Records to process START

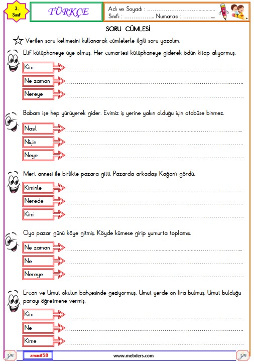 3. Sınıf Türkçe Soru Cümlesi Etkinliği
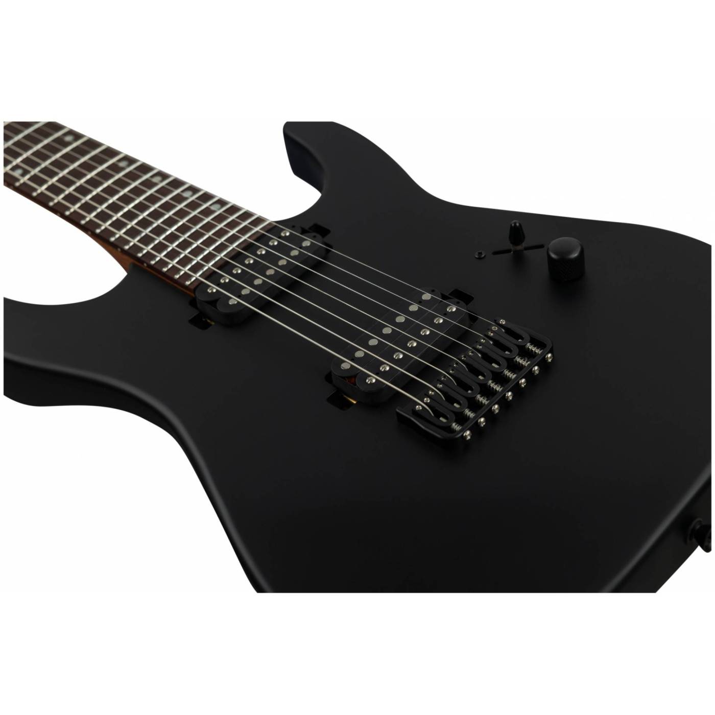 JET JS-507 BK – 7ми струнный инструмент c двумя хамбакерами для тех, кто ищет более тяжелый, жесткий звук. Суперстрат из красного дерева с отделкой черного матового цвета с открытыми порами.
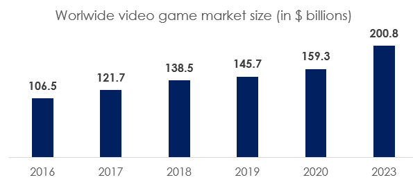 Video games industry is expected to continue its strong upward trend in the coming years growing at a CAGR of over 8% to reach over $200 billion by 2023 with mobile gaming consistently outperforming other platforms.
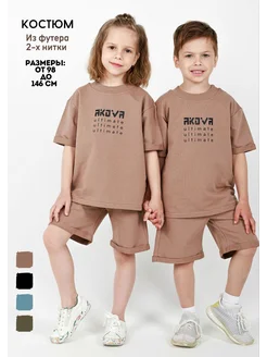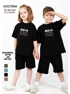 Спортивный костюм для подростка шорты и футболка оверсайз
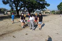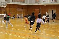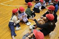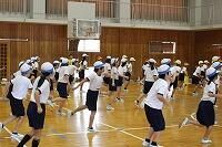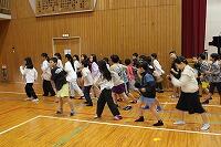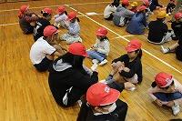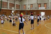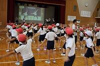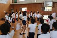 初日となる今日は、1年生と6年生の2クラスずつが昼休みの時間に体育館で、自己紹介カードを交換した後、「しっぽ取りゲーム」をしました。子どもたちは、友だちが腰に付けた赤白帽子を取ろうと一生懸命に走り回って、とても楽しそうでした。
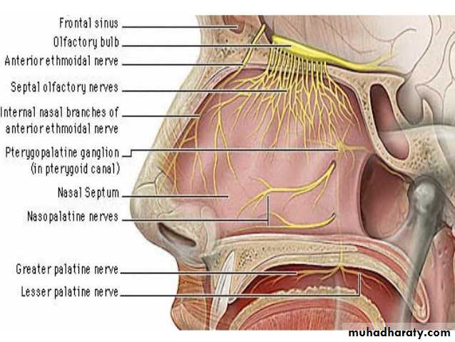 The olfactory nerves arise from olfactory receptor nerve cells in the olfactory mucous membrane. The olfactory mucous membrane is situated in the upper part of the nasal cavity above the level of the superior concha. Bundles of these olfactory nerve fibers pass through the openings of the cribriform plate of the ethmoid bone to enter the olfactory bulb in the cranial cavity. The olfactory bulb is connected to the olfactory area of the cerebral cortex by the olfactory tract.
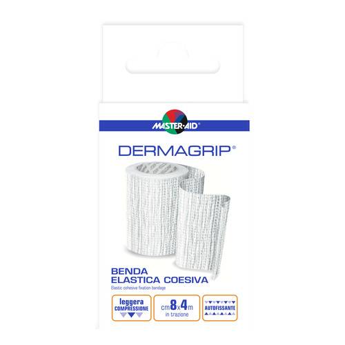 MASTER•AID DERMAGRIP Benda elastica Dispositivo medico CE. Benda garza elastica autobloccante impregnata di lattice per l'auto-aderenza. Aderisce su se stessa ma non alla pelle né ai peli. Non è candeggiata, ben tollerata, è altamente conformabile e permette una elevata traspirazione. Possiede una estensibilità in lunghezza del 100% circa.
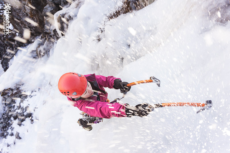 | From a distance Sickle on a Stick (WI5) looked pretty thin, but the pillar was in good condition. Jeanette snapped this photo of me dropping off a large chunk of ice on the lead. |

Records to process END

* _Instructions for the task_: Reproduce only the lines from the beginning of the data through the line that contains "JET JS-507 BK", both included, and please drop the pictures.

* _Exercise response_:
 3. Sınıf Türkçe Soru Cümlesi Etkinliği
 JET JS-507 BK – 7ми струнный инструмент c двумя хамбакерами для тех, кто ищет более тяжелый, жесткий звук. Суперстрат из красного дерева с отделкой черного матового цвета с открытыми порами.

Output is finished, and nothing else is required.